═══ SOURCE MATERIAL

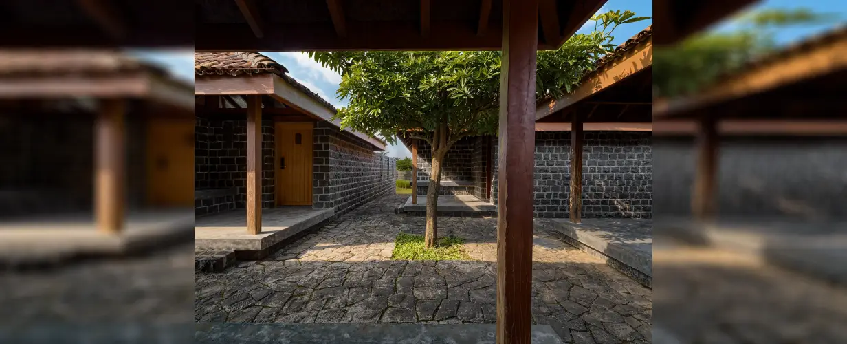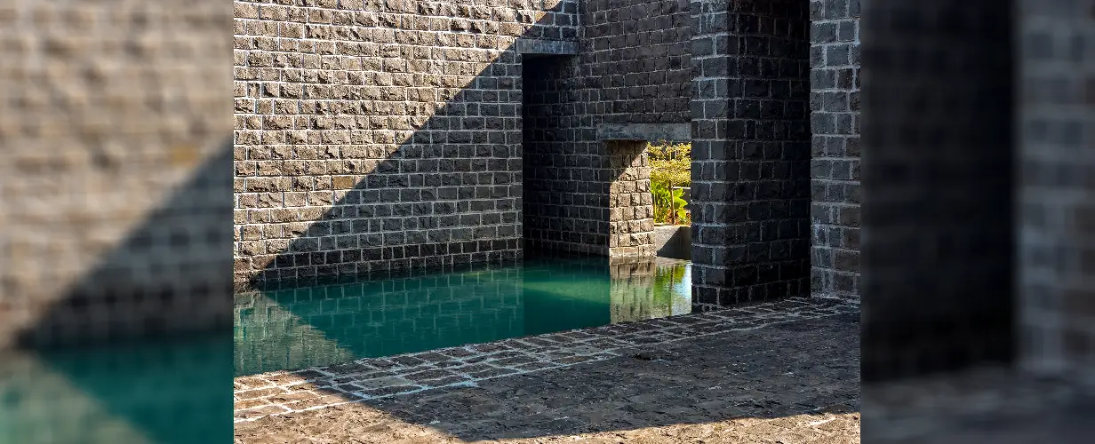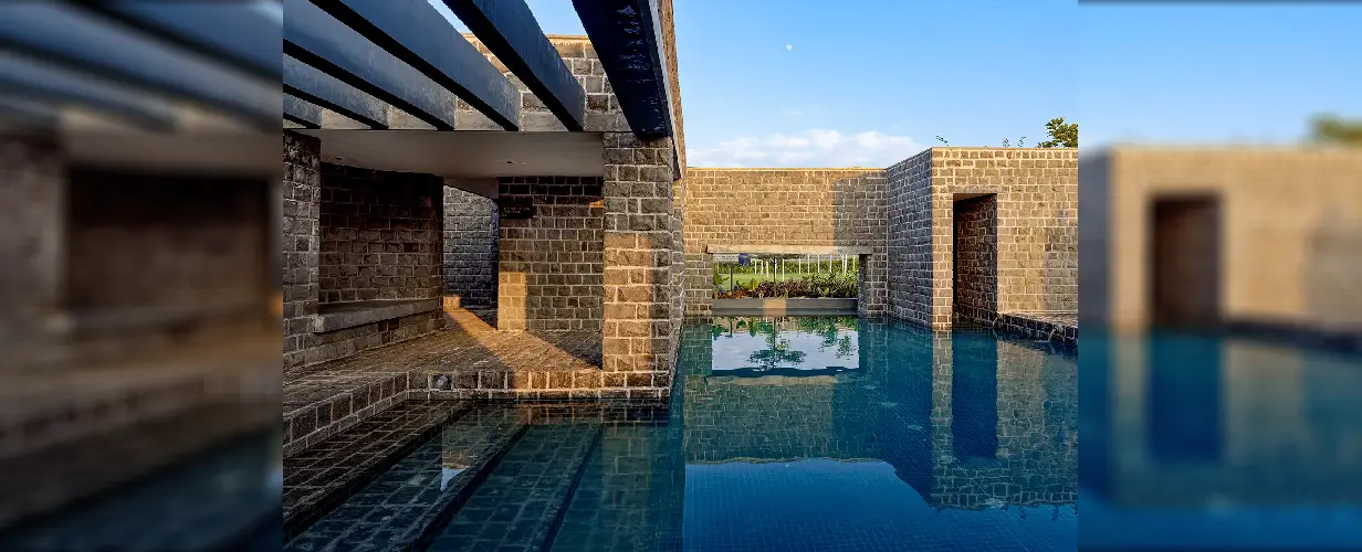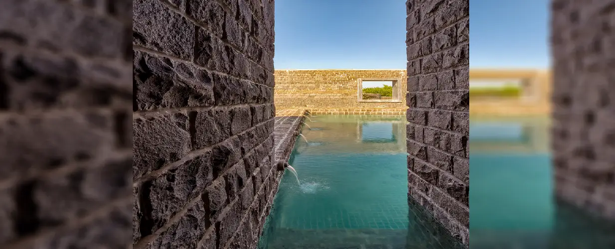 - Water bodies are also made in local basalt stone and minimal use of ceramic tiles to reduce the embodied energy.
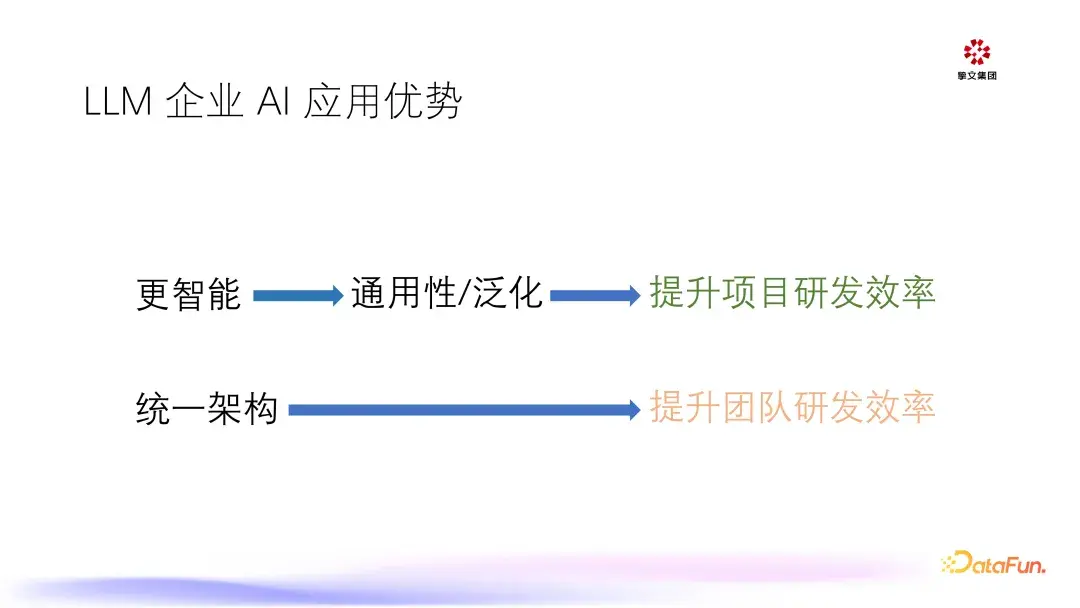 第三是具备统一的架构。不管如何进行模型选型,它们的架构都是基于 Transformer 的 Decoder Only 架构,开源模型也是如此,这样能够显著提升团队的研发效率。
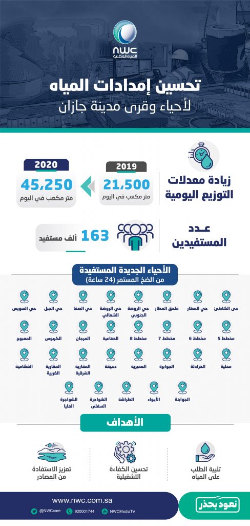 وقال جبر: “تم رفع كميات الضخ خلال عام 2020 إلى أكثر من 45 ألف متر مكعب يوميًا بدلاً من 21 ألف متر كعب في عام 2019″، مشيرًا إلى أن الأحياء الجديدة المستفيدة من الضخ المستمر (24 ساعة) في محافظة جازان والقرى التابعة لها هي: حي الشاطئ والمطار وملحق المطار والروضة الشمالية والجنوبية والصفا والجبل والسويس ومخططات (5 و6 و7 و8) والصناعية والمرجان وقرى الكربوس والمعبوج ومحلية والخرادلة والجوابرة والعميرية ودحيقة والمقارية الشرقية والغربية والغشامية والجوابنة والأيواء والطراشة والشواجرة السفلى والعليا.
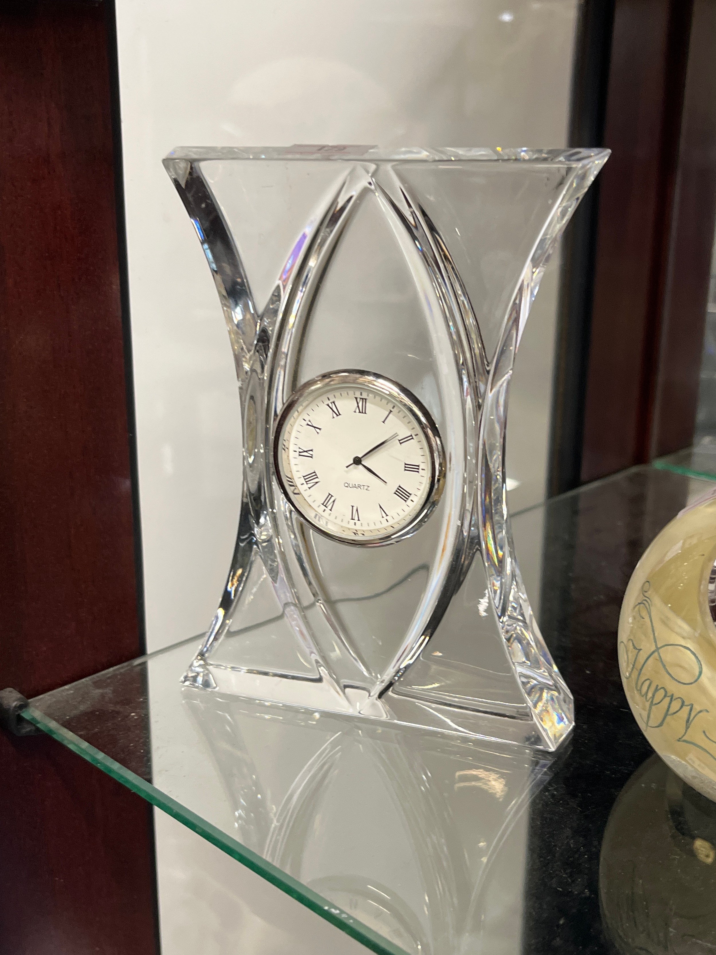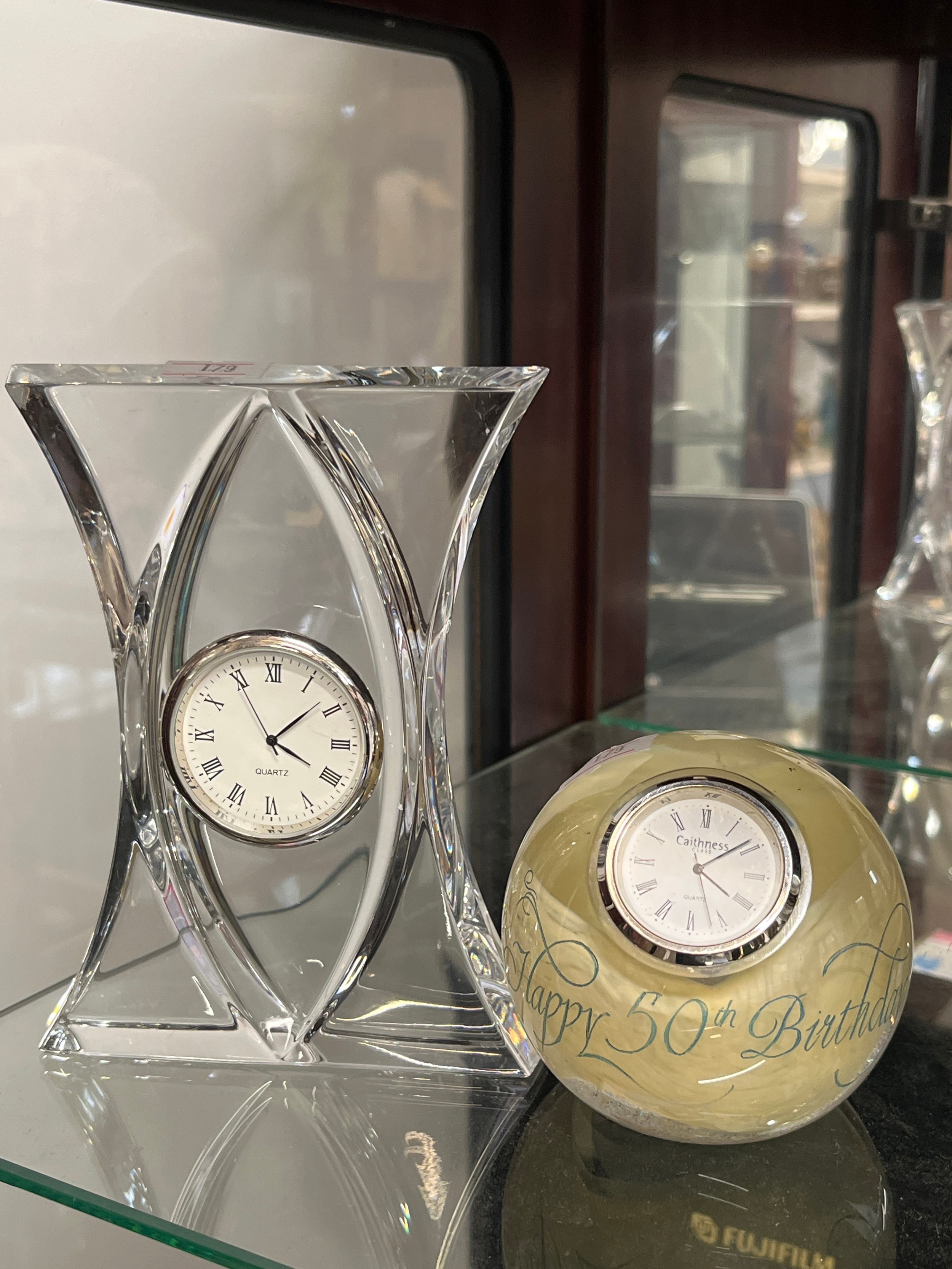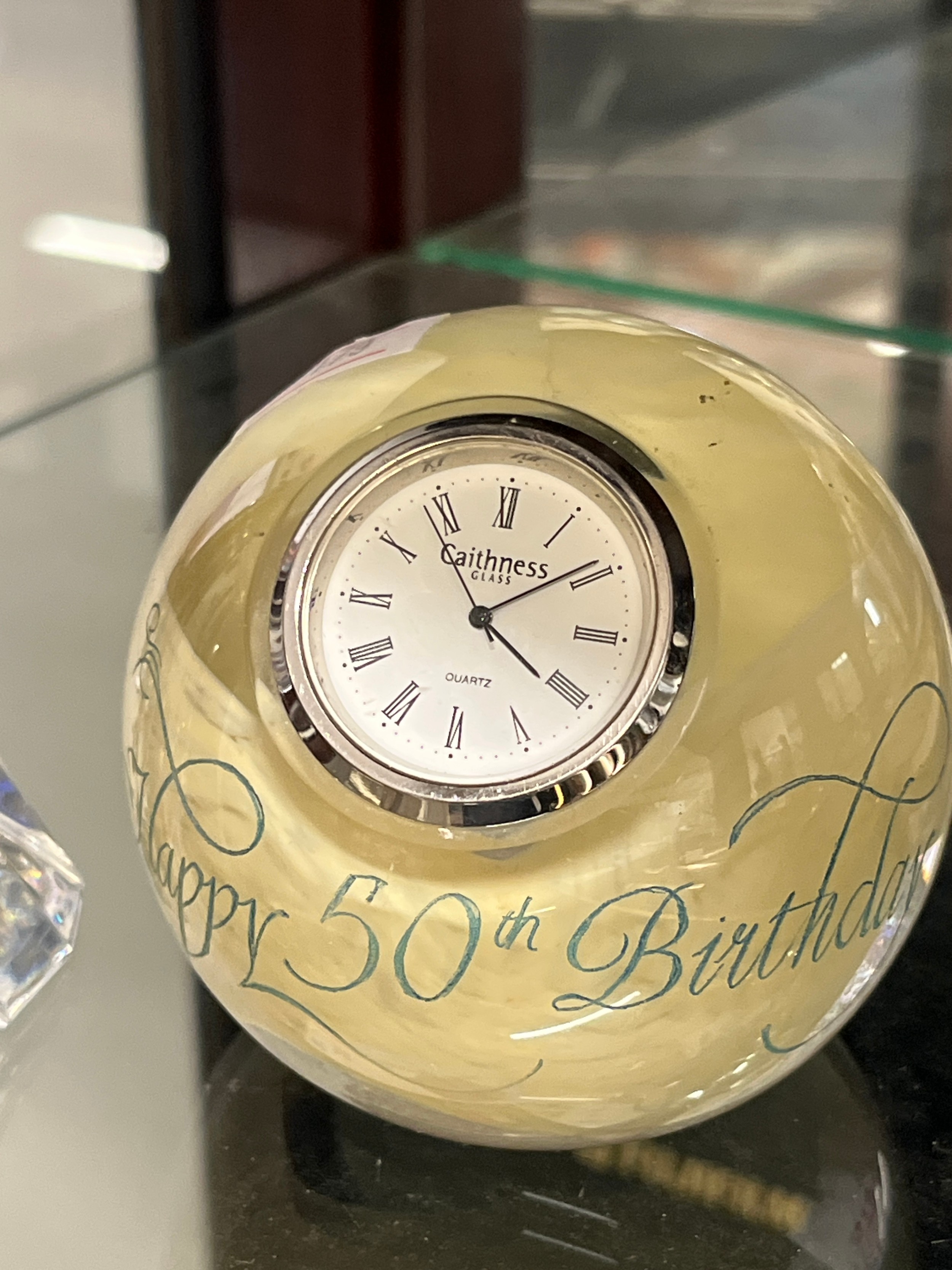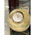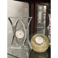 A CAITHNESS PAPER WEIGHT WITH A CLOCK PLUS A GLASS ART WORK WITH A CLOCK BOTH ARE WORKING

══════

ASSIGNED TASK: Exactly the lines from the one with "والشواجرة السفلى والعليا." to the last line of the listing are wanted, both ends included and pictures excluded.

SOLVED EXERCISE:
 وقال جبر: “تم رفع كميات الضخ خلال عام 2020 إلى أكثر من 45 ألف متر مكعب يوميًا بدلاً من 21 ألف متر كعب في عام 2019″، مشيرًا إلى أن الأحياء الجديدة المستفيدة من الضخ المستمر (24 ساعة) في محافظة جازان والقرى التابعة لها هي: حي الشاطئ والمطار وملحق المطار والروضة الشمالية والجنوبية والصفا والجبل والسويس ومخططات (5 و6 و7 و8) والصناعية والمرجان وقرى الكربوس والمعبوج ومحلية والخرادلة والجوابرة والعميرية ودحيقة والمقارية الشرقية والغربية والغشامية والجوابنة والأيواء والطراشة والشواجرة السفلى والعليا.
 A CAITHNESS PAPER WEIGHT WITH A CLOCK PLUS A GLASS ART WORK WITH A CLOCK BOTH ARE WORKING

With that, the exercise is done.